The variables included antibiotic cost before VRE infection, VRE treatment, and when the antibiotic treatment for VRE started (VRE treatment refers to the use of quinupristin-dalfopristin, linezolid, daptomycin, and tigecycline;
and when the antibiotic treatment for VRE started is the timeframe between testing of VRE infection and the administration of antibiotic, which are within 24 hours after bacterial culture, between 24 to 48 hours after bacterial culture, and over 72 hours after bacterial culture, and no treatment).
3.4 Prognostic factors
The survival times of each individual case of the two groups were analyzed using the Kaplan-Meier test.
3.5 Definitions of the variables of each category
The invasive VRE infection cases were defined as the individual cases where the VRE bacterial strains were detected in blood, ascetic fluid, intra-abdominal abscess, pleural fluid, and joint fluid. Poor renal function was defined as creatinine clearance <60 mL/min; and poor liver function was defined when at least two of the following items were met: bilirubin concentration was >2.5 mg/dL; the aspartate aminotransferase (AST) or alanine aminotransferase (ALT) exceeded more than two times the normal value; and liver disease was diagnosed. Leucopenia was defined as white blood cell count being <500/mm3.

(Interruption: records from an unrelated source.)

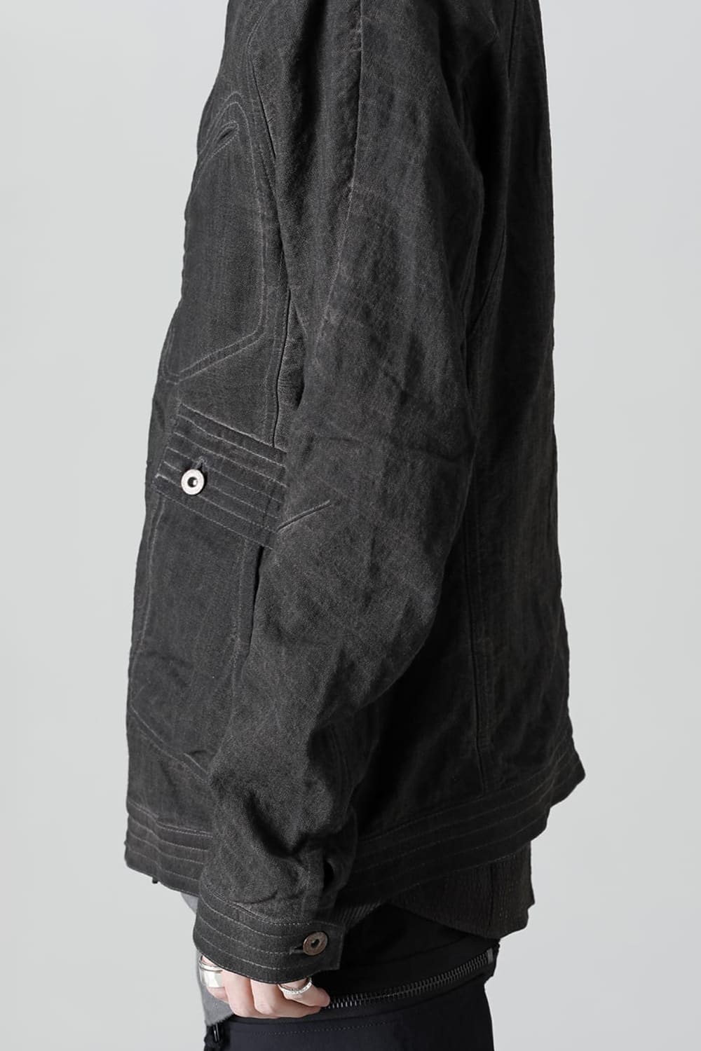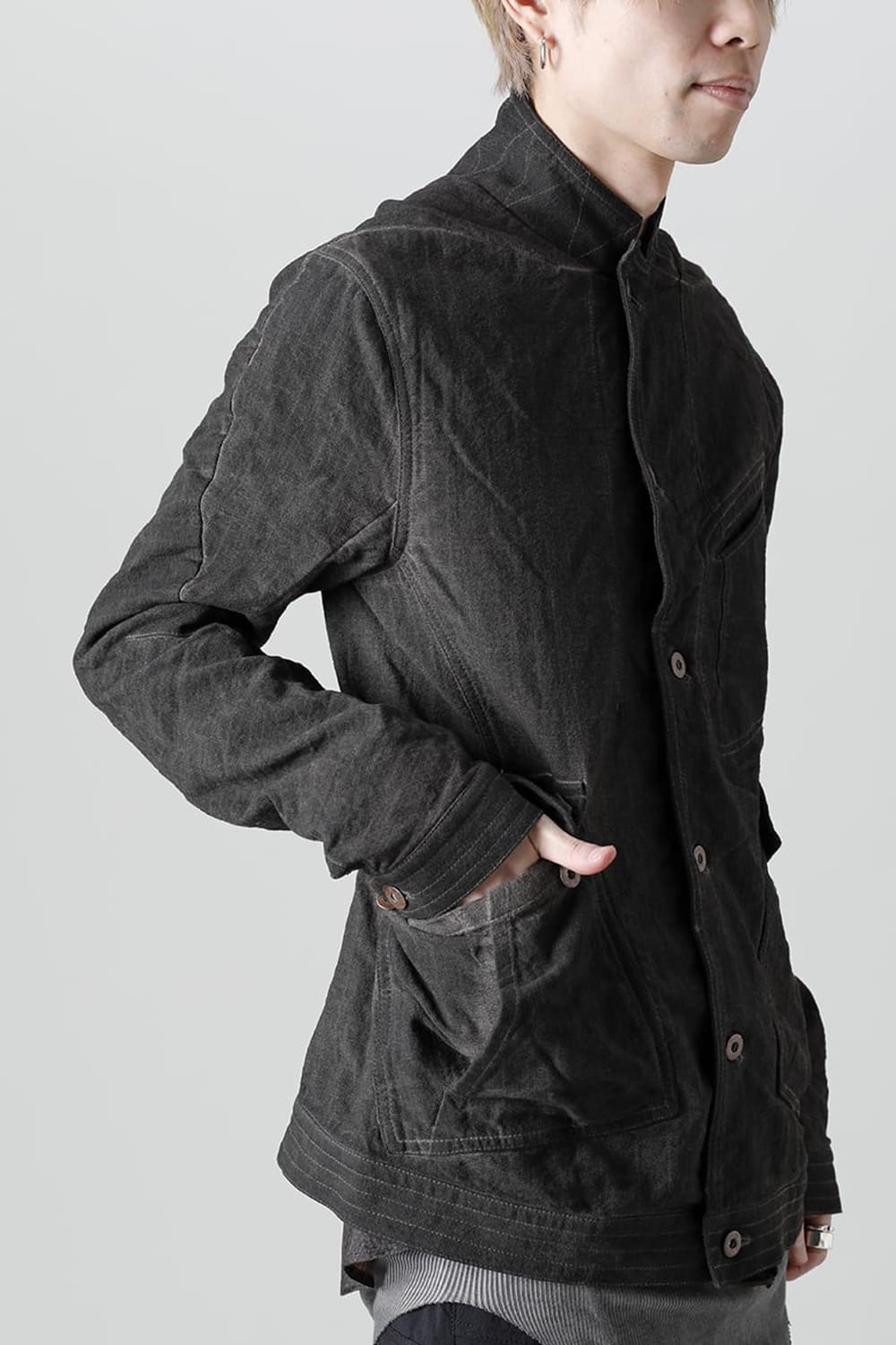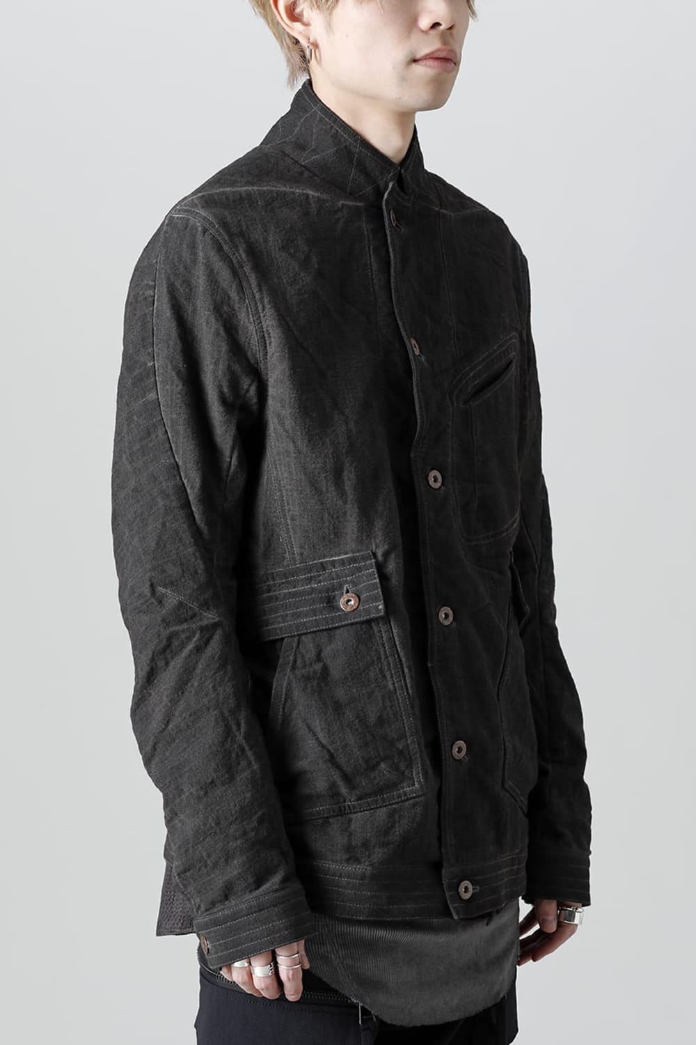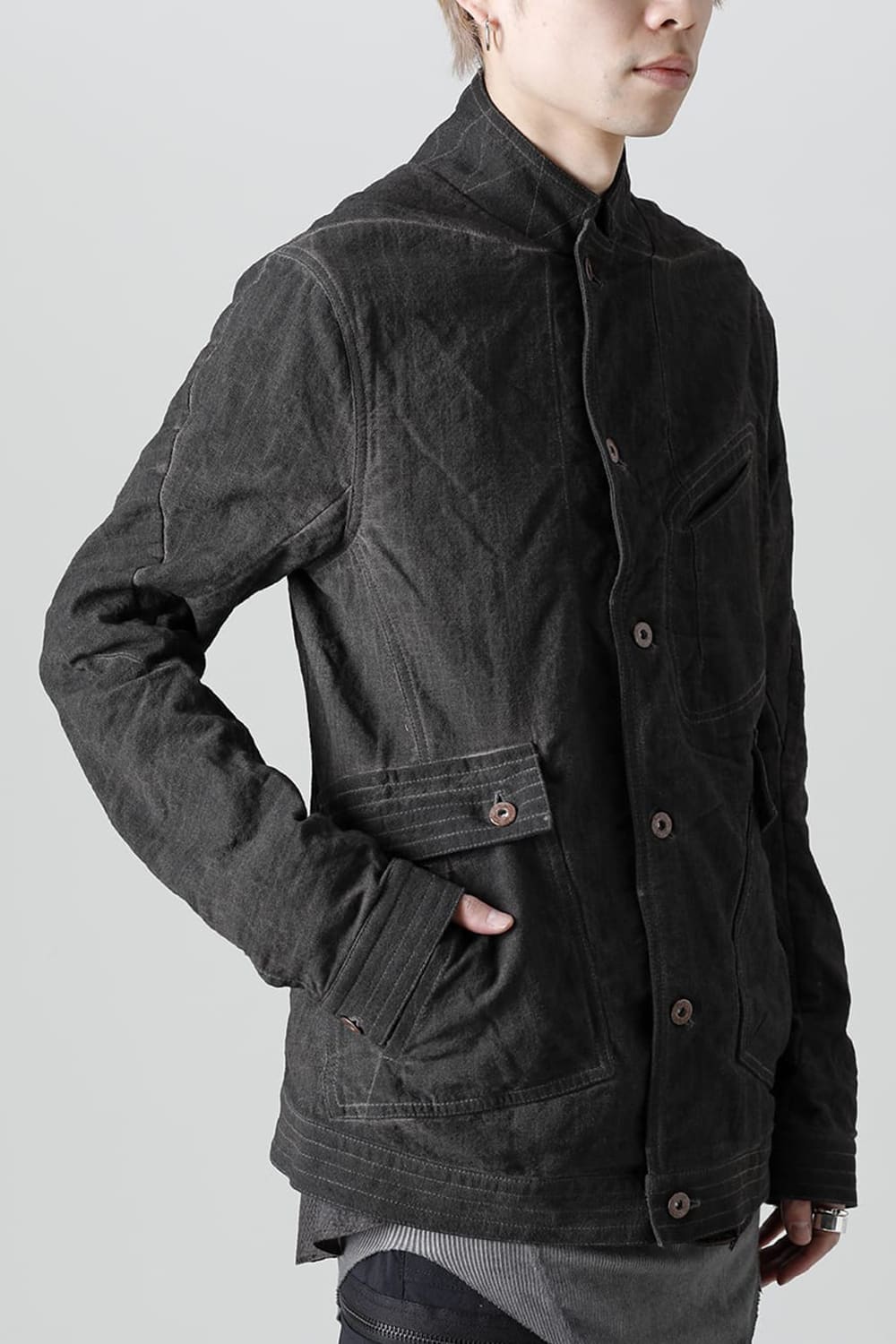 コットン×リネンランダムディンプルストレッチワーカージャケット マッドブラウン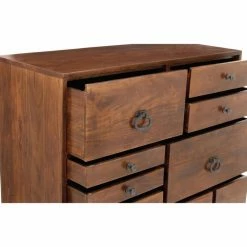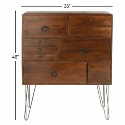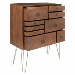 Keep a wide range of small items tucked away in the DecMode Decorative Chest. This dark brown albizia wood chest features nine drawers in four different sizes, each finished with an iron pull. Metal hairpin legs elevate and stabilize the chest.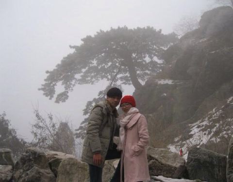 泰山松跟黄山松有得一拼,而且恰好赶上飘着雪花,本来郁郁葱葱的松树披上了一层银妆!分外的妖娆多姿!真漂亮!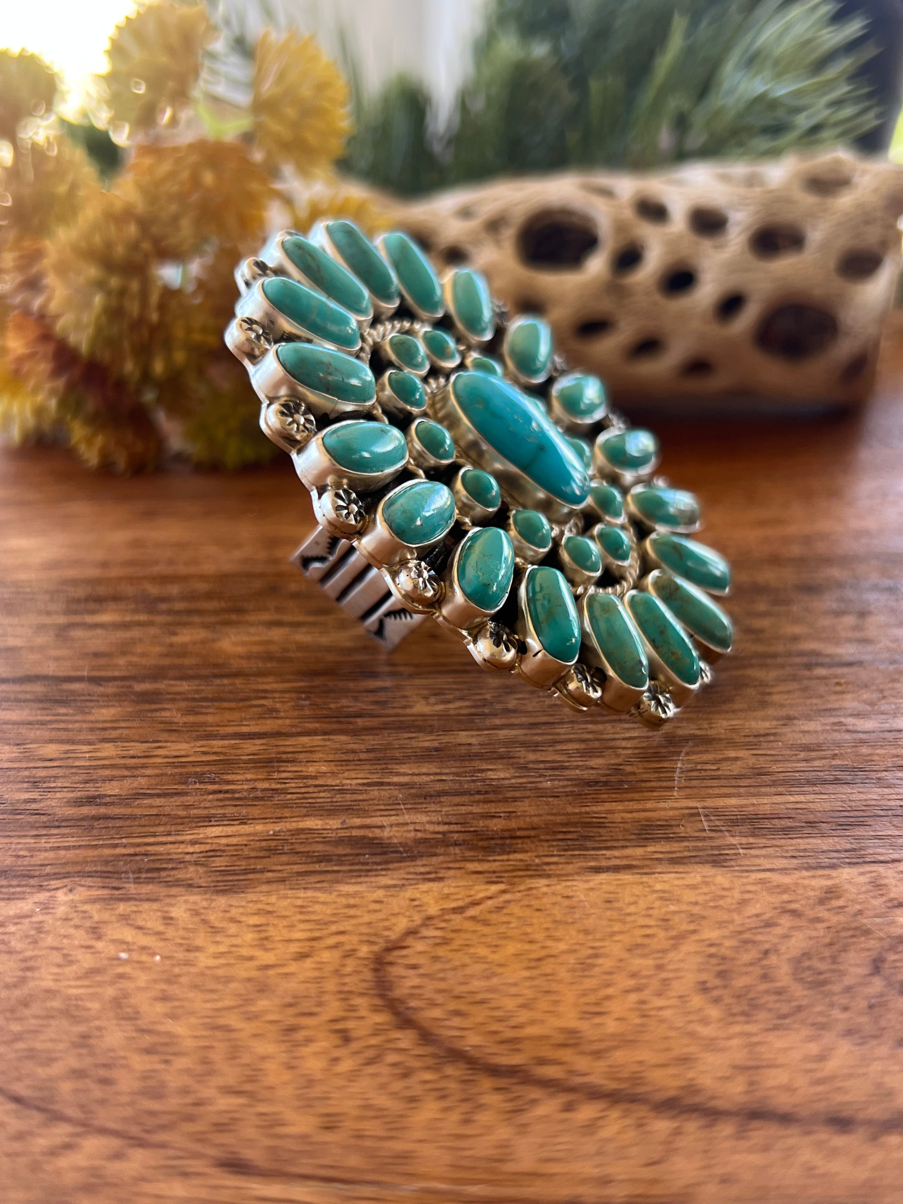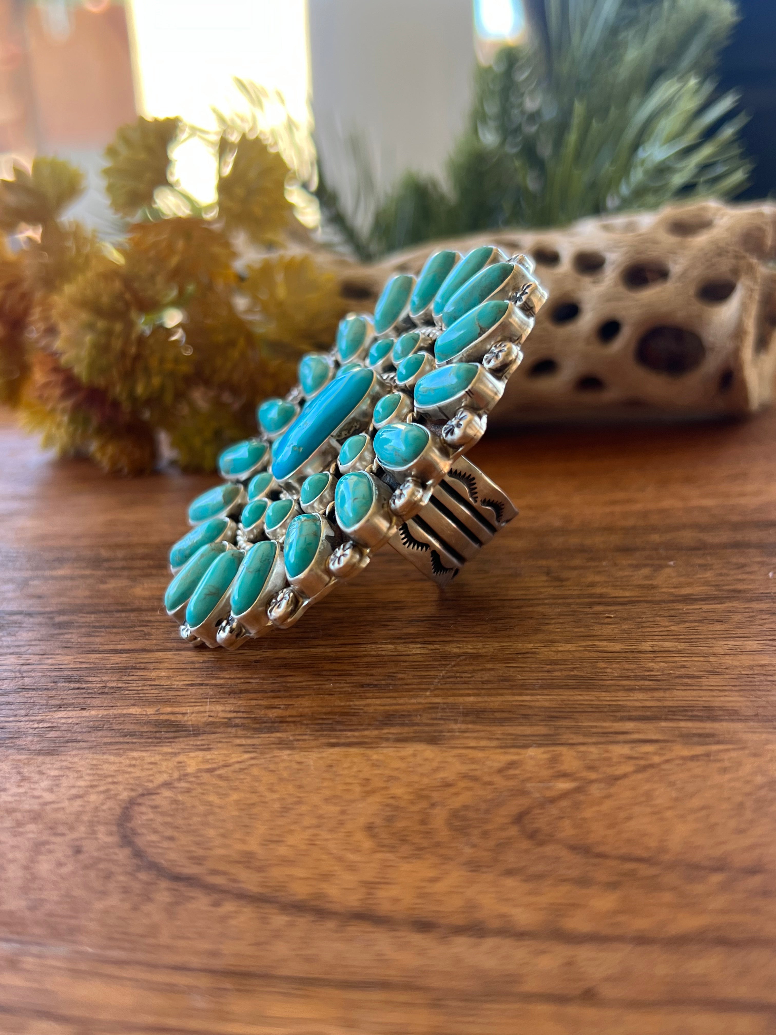 C. Yazzie Kingman Turquoise & Sterling Silver Cluster Ring Size 11

To determine VRE, BD Phoenix Automated Microbiology System was used to test Enterococcus strains for Vancomycin minimum inhibitory concentration (MIC). VRE was confirmed when MIC result was >32 ug/Ml.
The antibiotic treatment costs were calculated as follows: the types, dosages, frequencies and usage days of all antibiotics used; the types, dosages, and usage days of the antibiotics used before and after the infection, respectively, by taking the infection days as the tangent points; and then calculate the costs of antibiotics. The usage cost data of each antibiotic was collected by taking the unit price of each antibiotic, as stipulated by the National Health Insurance Administration in 2013,
National Health Insurance Administration Ministry of Health and Welfare: National health insurance drug price adjustment paid job.http://www.nhi.gov.tw.Accessed2013/06/01.
as the standard in order to add up the total usage costs of each antibiotic, in order to reduce the cost differences caused by currency inflation and medicine cost fluctuations.
Cases of healthcare-associated infections (HAIs) were determined based on the 2009 revision of HAI Surveillance Definition of Taiwan Center for Diseases Control (CDC).
4. Results
There were a total of 50 invasive VRE infection cases during 2007-2012. Excluding the two cases where the age was under 18 years old (0 and 2 years old, respectively), the study team collected 48 cases for study. The control group collection was made according to the designed study method of 1:3, with 144 cases selected as the control group. However, two cases were not incorporated, as the related data of the two patients’ medical records could not be retrieved in time. In the end, 48 invasive VRE infection cases and 142 invasive VSE infection cases were collected for analysis.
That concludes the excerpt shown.